Only one span is wanted from the lines below: from the one with "Der Park mit" up to and including the one with "Édifiée sur un". Copy it exactly, without images.

(RECORDS SUPPLIED Opens)

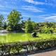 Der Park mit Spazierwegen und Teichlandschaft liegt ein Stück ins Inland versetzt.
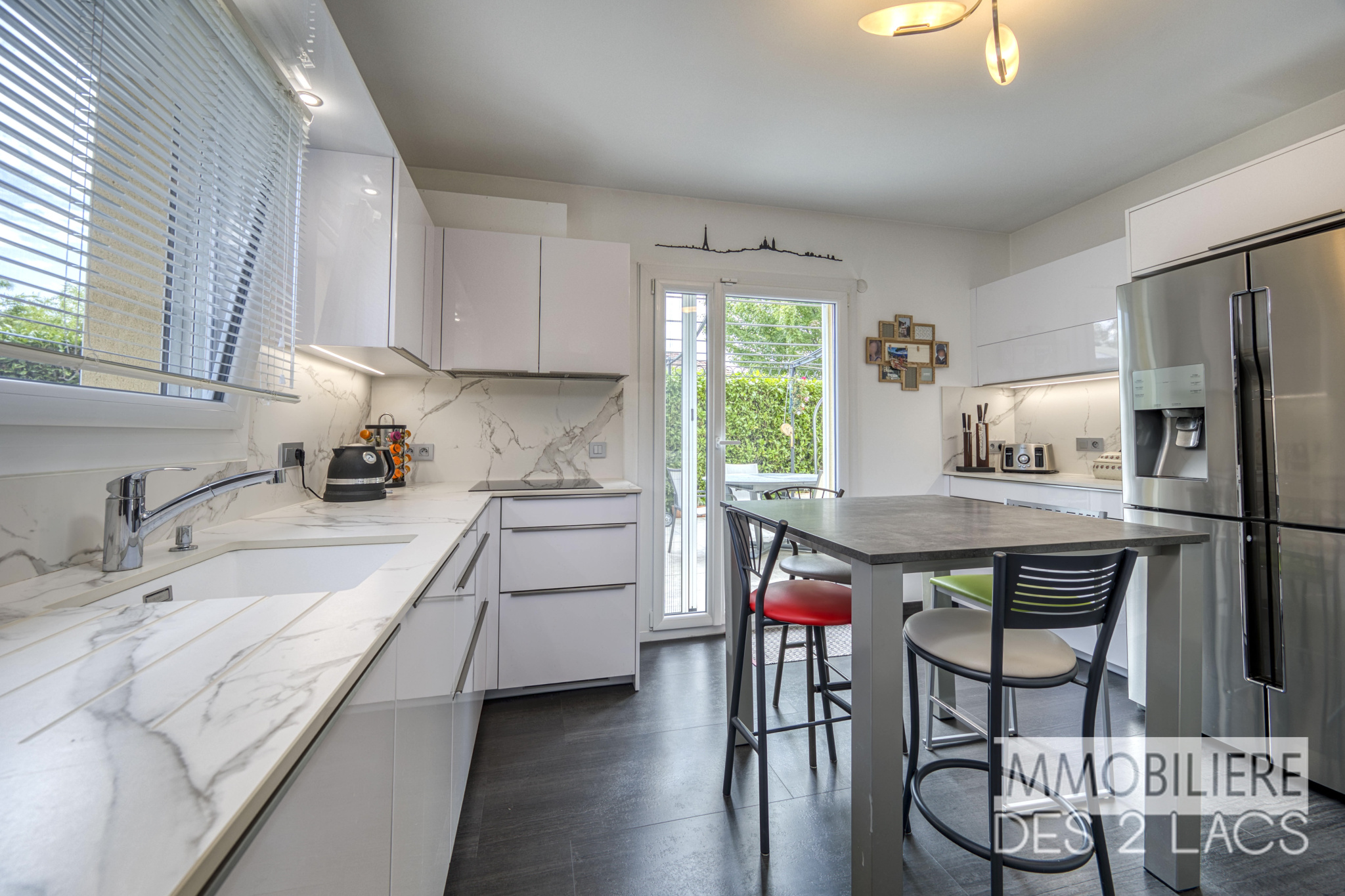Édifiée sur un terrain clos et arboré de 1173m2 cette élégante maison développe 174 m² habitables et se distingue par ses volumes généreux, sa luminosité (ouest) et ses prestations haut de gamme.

(RECORDS SUPPLIED Closes)
(RECORDS SUPPLIED Opens)

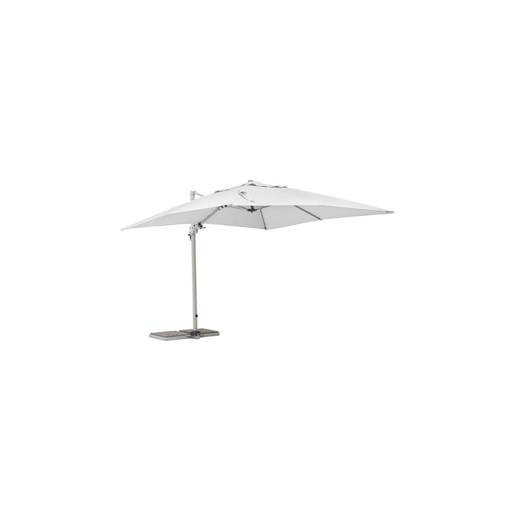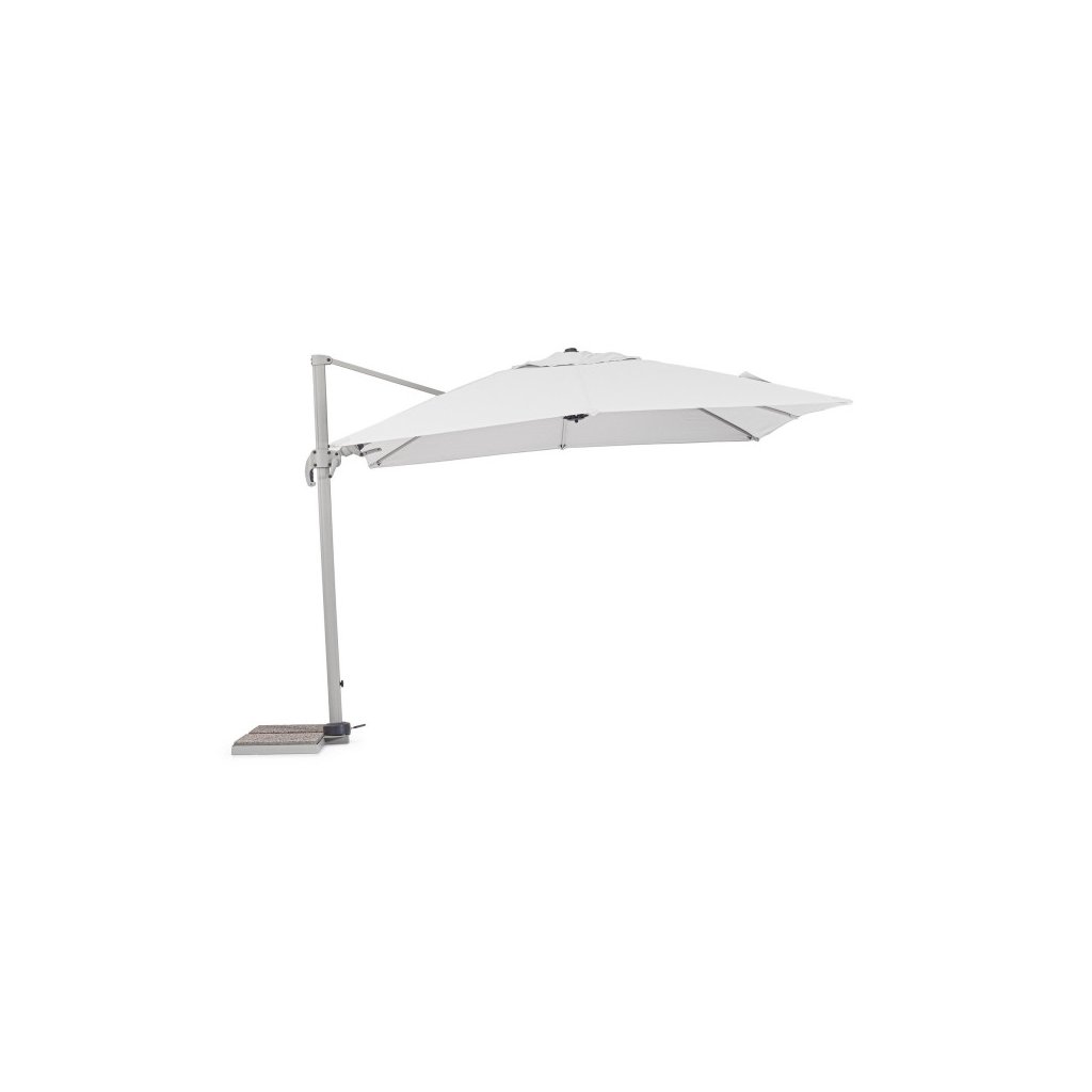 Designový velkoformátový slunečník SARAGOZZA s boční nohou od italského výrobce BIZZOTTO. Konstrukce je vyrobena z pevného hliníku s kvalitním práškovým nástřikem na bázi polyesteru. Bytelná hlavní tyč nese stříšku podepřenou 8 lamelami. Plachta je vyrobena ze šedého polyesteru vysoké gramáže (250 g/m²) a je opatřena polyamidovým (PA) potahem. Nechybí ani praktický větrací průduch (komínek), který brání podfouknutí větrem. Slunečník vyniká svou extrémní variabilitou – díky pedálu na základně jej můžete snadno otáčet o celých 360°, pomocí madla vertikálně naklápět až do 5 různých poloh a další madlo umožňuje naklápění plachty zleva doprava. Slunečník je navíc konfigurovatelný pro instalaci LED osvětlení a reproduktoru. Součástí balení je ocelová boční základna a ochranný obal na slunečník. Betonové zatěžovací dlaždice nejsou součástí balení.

(RECORDS SUPPLIED Closes)

■ RESPONSE BELOW
 Der Park mit Spazierwegen und Teichlandschaft liegt ein Stück ins Inland versetzt.
Édifiée sur un terrain clos et arboré de 1173m2 cette élégante maison développe 174 m² habitables et se distingue par ses volumes généreux, sa luminosité (ouest) et ses prestations haut de gamme.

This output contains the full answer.